Get ready to experience exhilarating and evocative music from classical giants Tchaikovsky, Shostakovich, Bruckner and more when the New Zealand Symphony Orchestra performs in Napier on April 16.
The concert will also include works by renowned New Zealand composer Douglas Lilburn and Finland’s greatest composer since Sibelius, Einojuhani Rautavaara. “Testimony” features the NZSO’s talented associate principal cellist Ken Ichinose as soloist for Tchaikovsky’s romantic andante cantabile, the famous second movement from his String Quartet No.1, which the composer arranged for cello and orchestra.
“Tchaikovsky’s andante cantabile is a treasured melody, especially for any string quartet player,” Ichinose said.

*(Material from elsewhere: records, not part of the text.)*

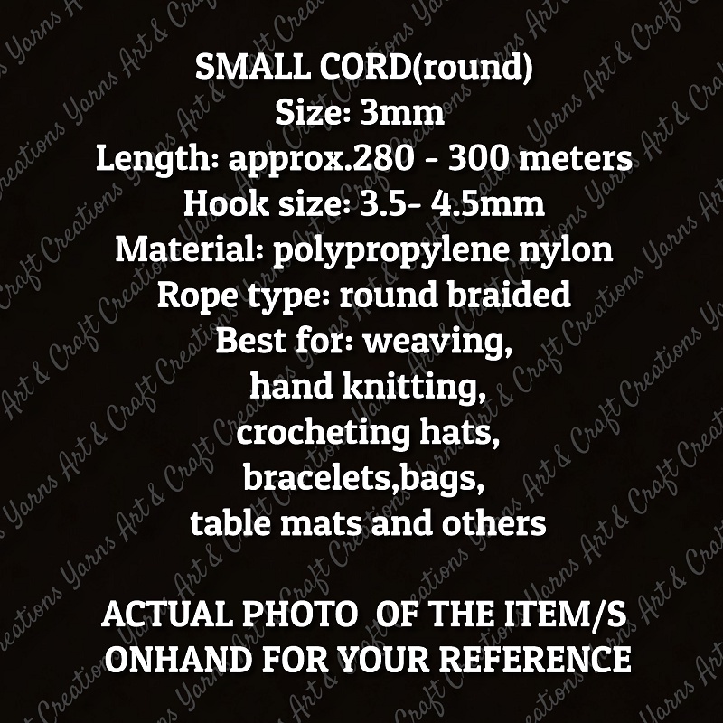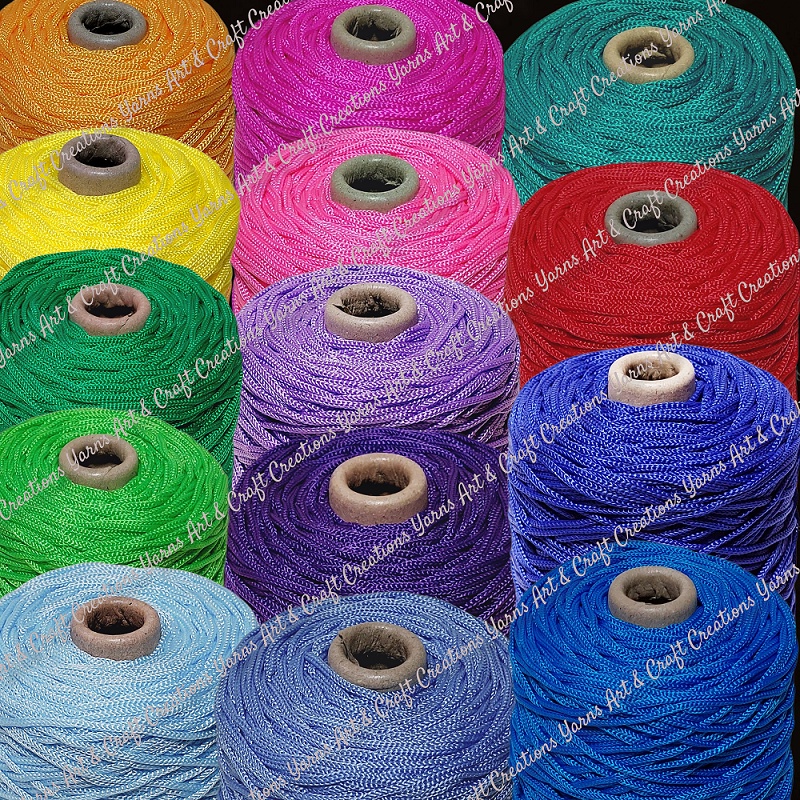 Yarns Art: 3MM SMALL CORDS/ POLYPROPYLENE NYLON (ROUND BRAIDED) ROPE/ CORD/ STRING - 500G PER CONE
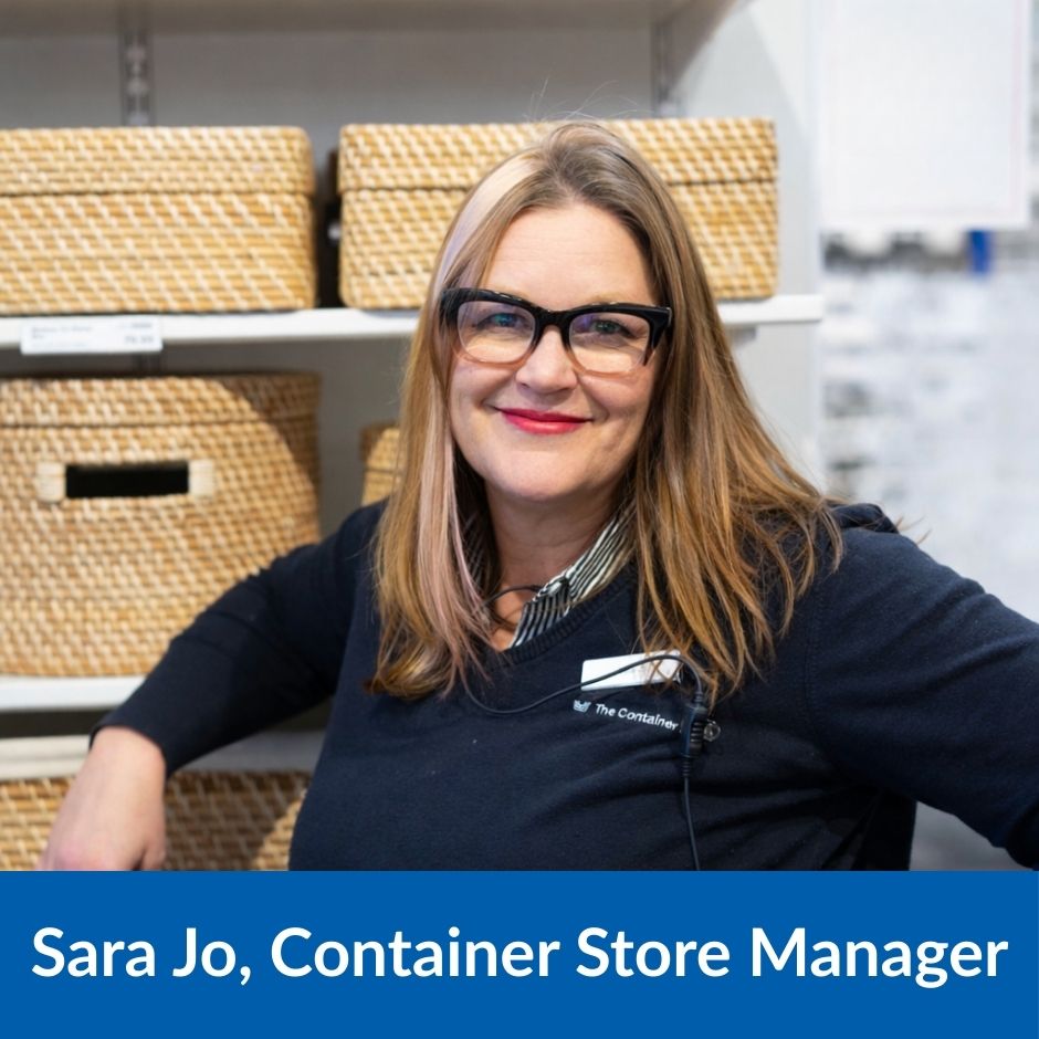 Store manager Sara Jo has been with The Container Store for 21 years and has led the Colorado Springs team since opening day. Most of the original team is still there, greeting customers by name, remembering their projects, and celebrating win, big or small.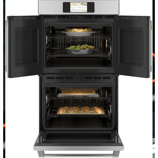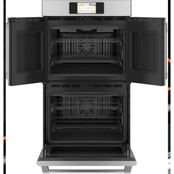 Cafe CTD90FP2NS1 Double Wall Oven, 30 inch Exterior Width, Both Ovens Convection, Self Clean, 10.0 cu. ft. Capacity, Temperature Probe, Wifi Enabled, Stainless Steel colour Air Fry; True European Convection; Telescopic Gliding Extension Rack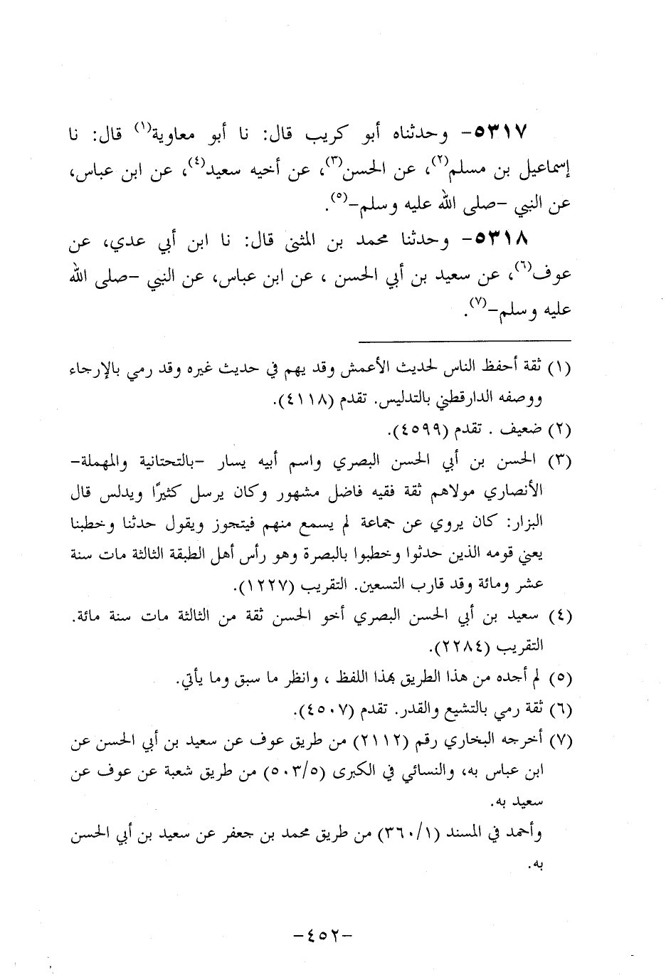 5318- وحَدَّثنا مُحَمَّدُ بْنَ الْمُثَنَّى، قَال: حَدَّثنا ابْنُ أَبِي عَدِيّ عَنْ عَوْفٍ، عَن سَعِيد بْنِ أَبِي الْحَسَنِ، عَن ابنِ عَباس، عَن النَّبِيّ صَلَّى اللَّهُ عَلَيه وَسَلَّم.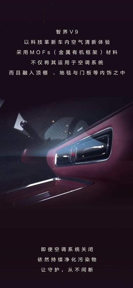 智界V9围绕该材料打造了一系列科技建立,UVC+MOFs杀菌滤芯、MOFs座舱内饰以及前后双负氧离子静态空气净化器等协同作用,有用甩掉新车异味,握久净化舱内无益物资,为用户构建起迁移的安全堡垒。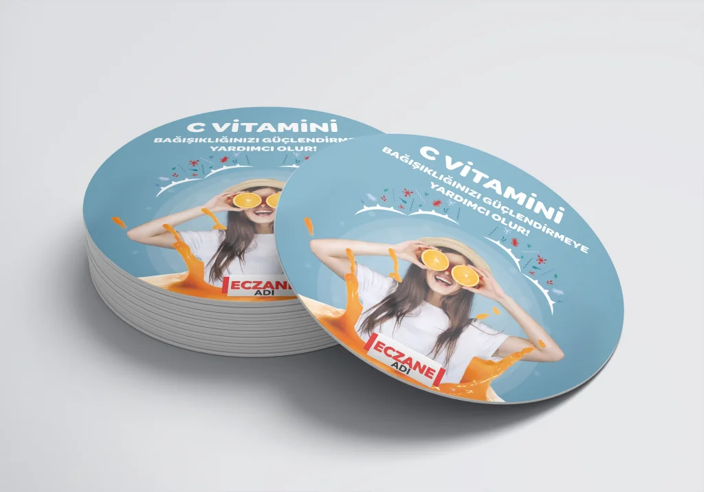 Eczanenize Özel dönkart daire şeklinde, 35x35 cm ebatında ve ön-arka yüzü baskılı şekilde üretilmektedir.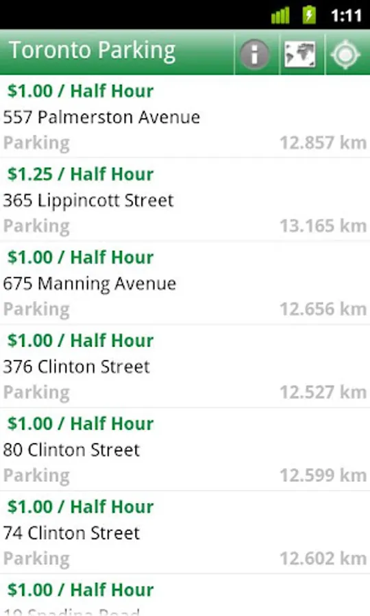With this app, you can find the nearest GreenP parking (Toronto Parking authority) and save even when you don't have a data connection! Directions, Google maps, parking rates, StreetView so you know how the area looks like before you get there.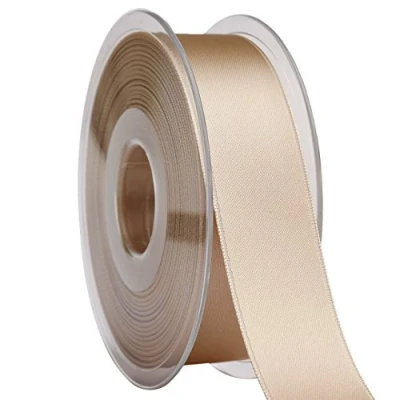 A luxury double-faced ribbon with a soft and silky satin finish 100Percent polyester 1" x 27 yd in Beige Completely washable and dry cleanable very high quality Used for special occasions, especially weddings and bridal showers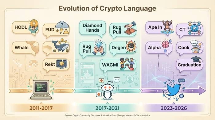 加密货币俚语并非无意义的噪音,而是这个社群经历的鲜活记录。每个术语都承载着一段故事:市场崩盘、集体狂热、有人因此损失房租、有人靠着一次中奖买房。这种语言起源于2010年代初的Bitcointalk论坛,在ICO热潮期间转移到Reddit,在DeFi夏季期间又转移到加密货币推特,如今则活跃在Telegram群组和Discord服务器中,在那里,加密货币交易者们用一种外人难以理解的方言交流。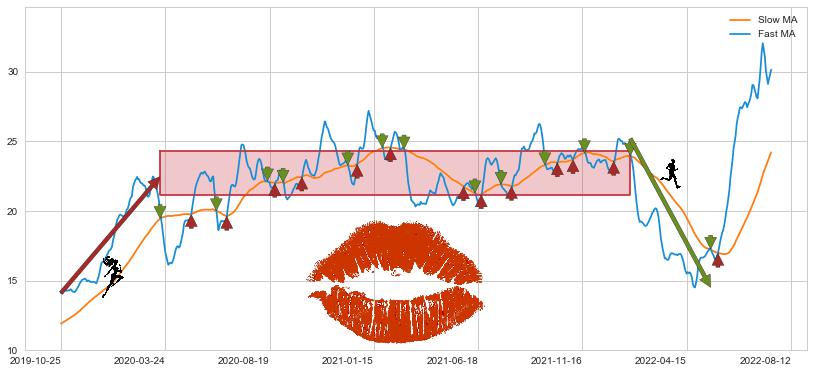 2022-01-20至2022-05-23 慢线与快线呈空头排列, 慢线与快线接触少,无缠绕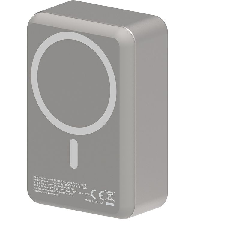 Powerology 30000mAh MagSafe Aluminum Power Bank with 20W Power Delivery, 15W Wireless Output, Li-Polymer Battery, Simultaneous Charging, Compact Design - Titanium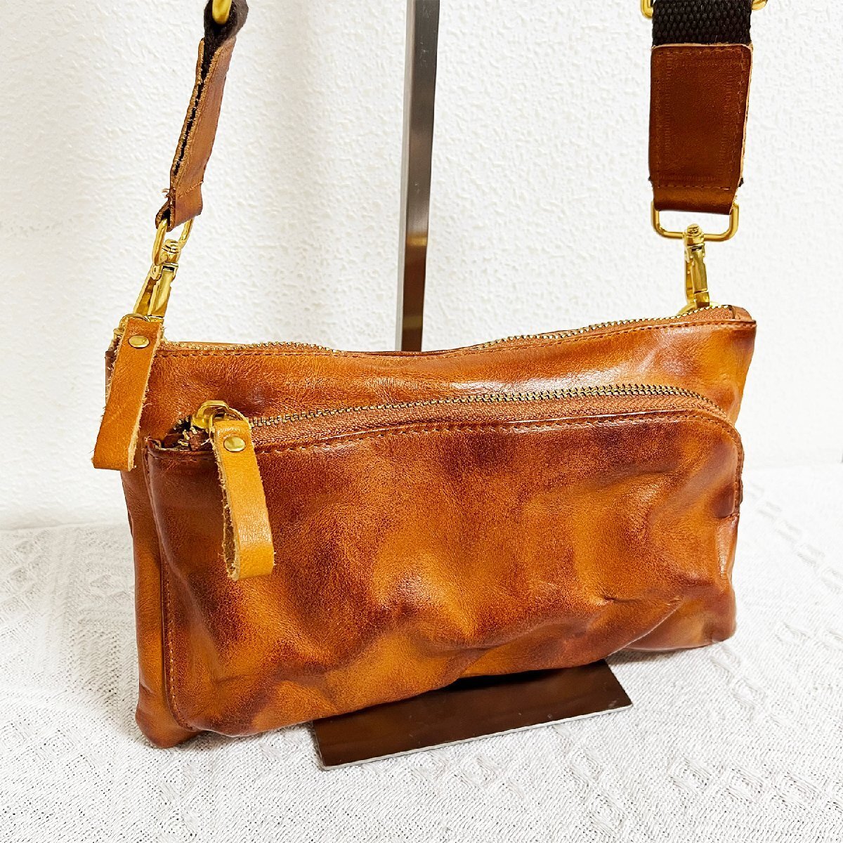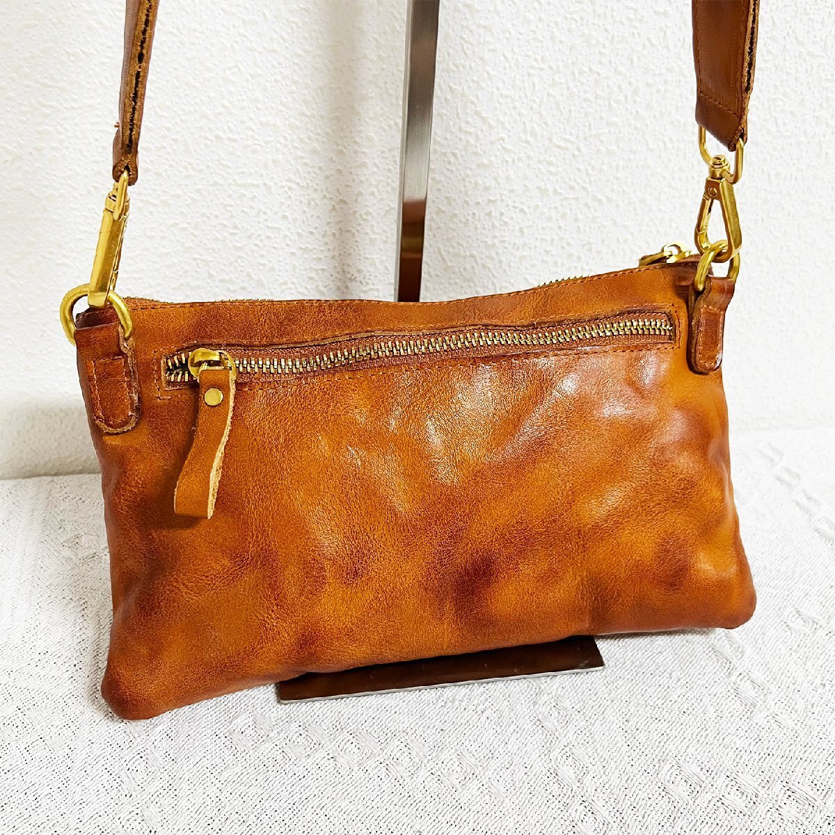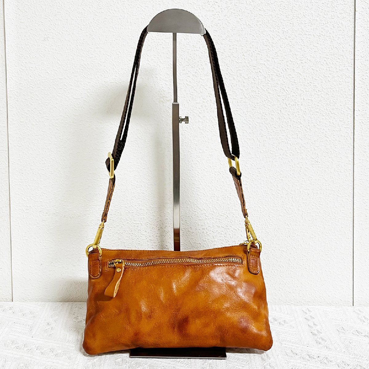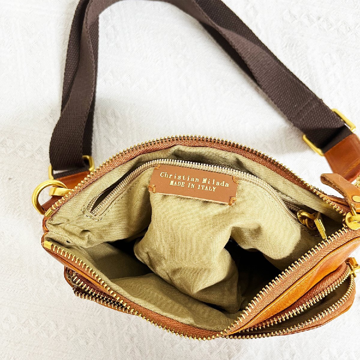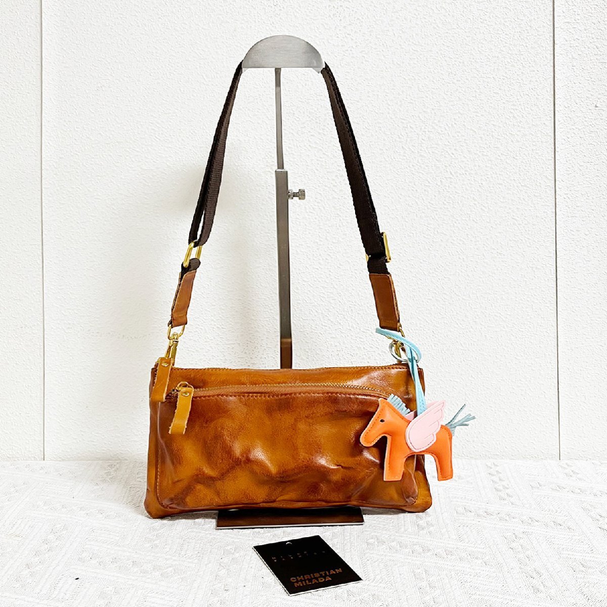 上品EU製 定価11万★christian milada・ミラノ発・ショルダーバッグ★牛革 レザー 軽量 柔らか 凹凸感 肩掛け レトロ系 日常 ビジネス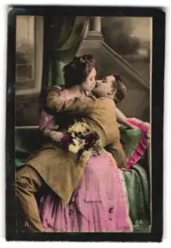Mini-AK Ein junges Paar beim knutschen auf der Couch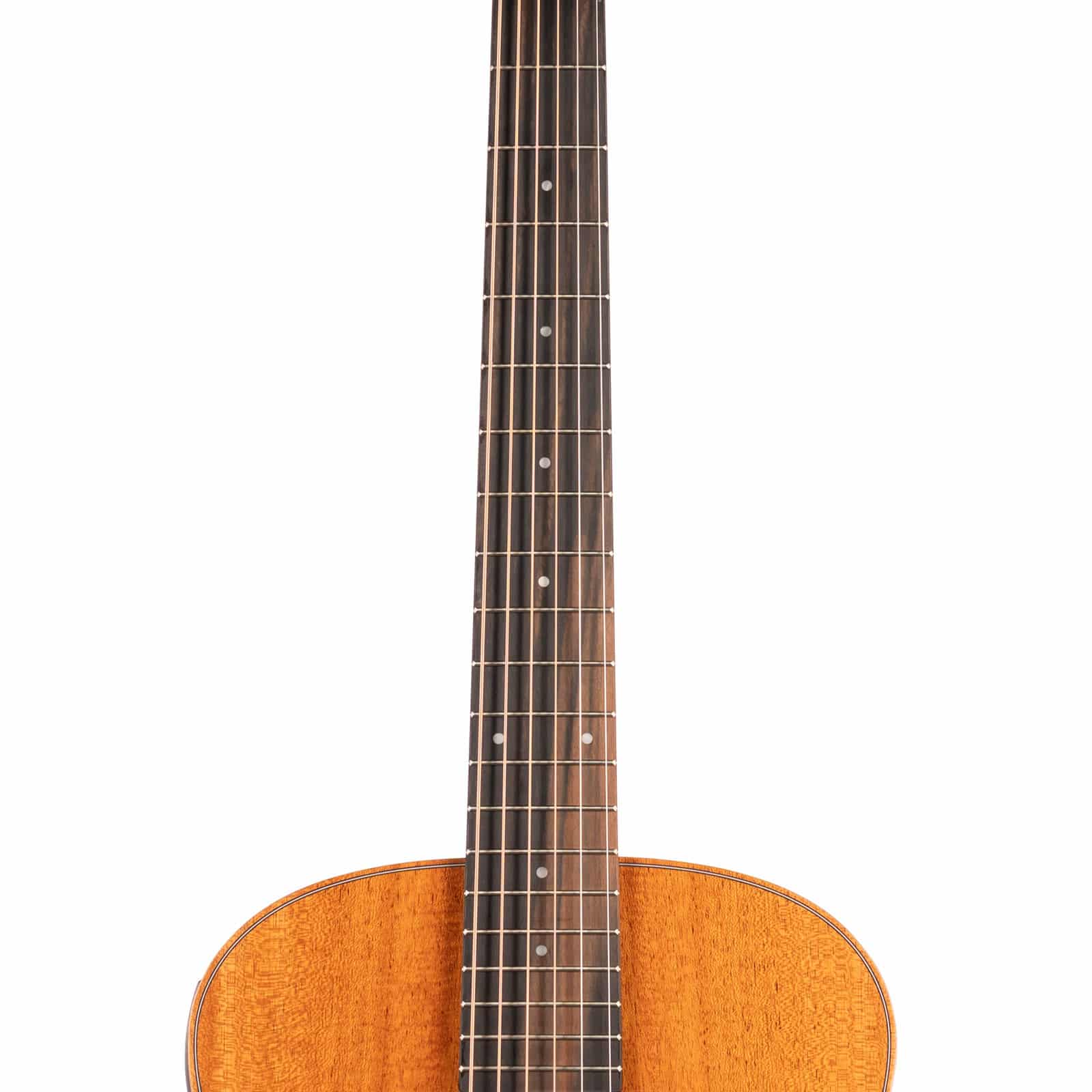 The magic starts with the tonewoods. A solid Neo-Tropical Mahogany top provides that sought-after punch and clarity, responding to a light touch with surprising nuance and digging in with a satisfying growl when you strum hard. Paired with layered sapele back and sides, the body is both durable and resonant, perfect for the road or the couch. The scaled-down Grand Symphony body shape is incredibly comfortable to hold, yet it projects with an authority that will surprise you—and everyone else in the room.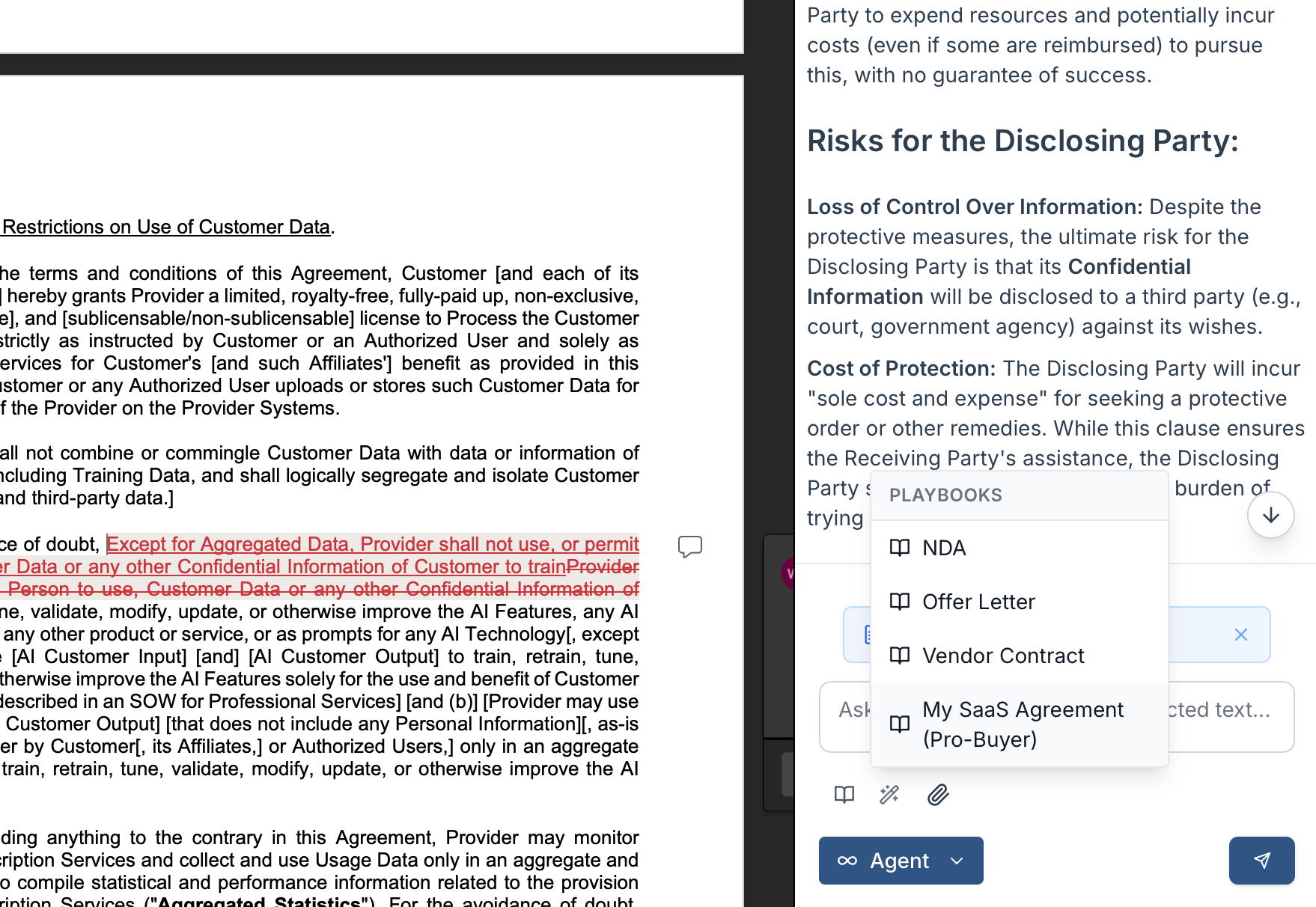 Receive immediate, context-aware analysis. The AI evaluates your document against your playbooks, market standards, your Firm IQ, and attached documents.

“For me, the emotion and beauty of this work is drawn from the sheer simplicity of form and musical line. We are so fortunate to have an arrangement by Tchaikovsky himself, and I very much look forward to performing this particular version for solo cello and orchestra, having previously had the pleasure to perform the original quartet with colleagues from the NZSO a few years ago.”
Shostakovich’s chamber symphony is an arrangement of his String Quartet No. 8, written after he saw the aftermath of the apocalyptic 1945 bombing of Dresden. Though he dedicated the quartet to “victims of fascism and war”, in his later memoir, Testimony, Shostakovich said the quartet in fact described himself.